The solubility of AgCl(s) in water at 25 C is 1.33x10^-5 M and its delta H of solution is 65.7 kJ/mol .
What is its solubility at 60.1 C ?
To find the solubility of AgCl(s) in water at 60.1 °C, we can use the van 't Hoff equation:
ln(K2/K1) = (-ΔH/R) * (1/T2 - 1/T1)
Where:
- ΔH is the enthalpy of solution (65.7 kJ/mol)
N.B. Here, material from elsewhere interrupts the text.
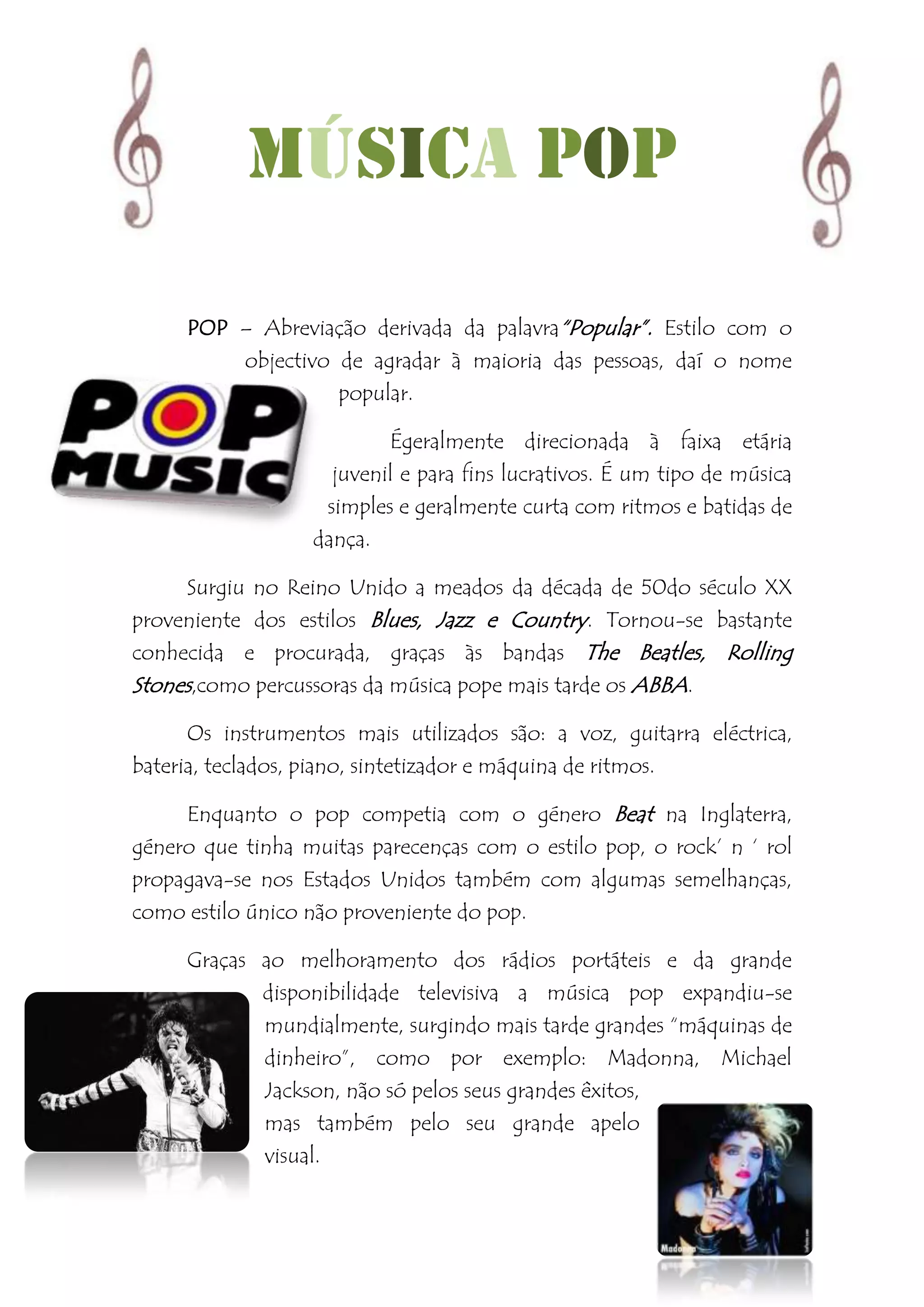 A música pop surgiu no Reino Unido na década de 1950 como um estilo musical simples e curto com ritmos de dança para agradar ao público em geral. Tornou-se popular mundialmente graças a bandas como os Beatles e Rolling Stones e acabou se diversificando em vários subgêneros como europop e dance-pop devido à sua rápida expansão com a melhoria da televisão e rádios portáteis.
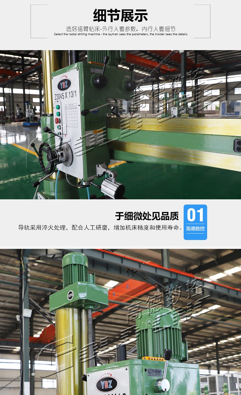經典的孔(kǒng)加工設備,鑽孔直徑:鋼件Φ38mm/鑄件(jiàn)Φ45mm,內立柱固定(dìng)於底座一端,外立(lì)柱可(kě)繞其360°回轉,實(shí)現全(quán)方位加工覆(fù)蓋。外立柱套(tào)在內立柱外(wài)側,與搖臂聯(lián)動(dòng);搖(yáo)臂通過套筒套裝在外立柱上,可(kě)沿其上下

- R is the gas constant (8.314 J/(mol·K))
- T1 is the initial temperature (25 °C + 273.15 = 298.15 K)
- T2 is the final temperature (60.1 °C + 273.15 = 333.25 K)
- K1 is the solubility at the initial temperature (given as 1.33x10^-5 M)
- K2 is the solubility at the final temperature (what we're trying to find)
First, we need to convert the initial solubility value from Molarity (M) to moles per liter (mol/L):
K1_initial = 1.33x10^-5 M
Next, we can substitute all the known values into the equation:
ln(K2/K1) = (-65.7 kJ/mol / (8.314 J/(mol·K))) * (1/333.25 K - 1/298.15 K)
Now, we can solve for ln(K2/K1):
ln(K2/K1) = (-7.92) * (0.0031803 - 0.0033587)
= (-7.92) * (-0.0001784)
= 0.0014121
To find K2, we can take the exponent of both sides:
K2/K1 = e^(0.0014121)
Now, we can solve for K2:
K2 = K1 * e^(0.0014121)
Substituting the initial solubility value into the equation:
K2 = 1.33x10^-5 M * e^(0.0014121)
Calculating this value will give us the solubility of AgCl(s) in water at 60.1 °C.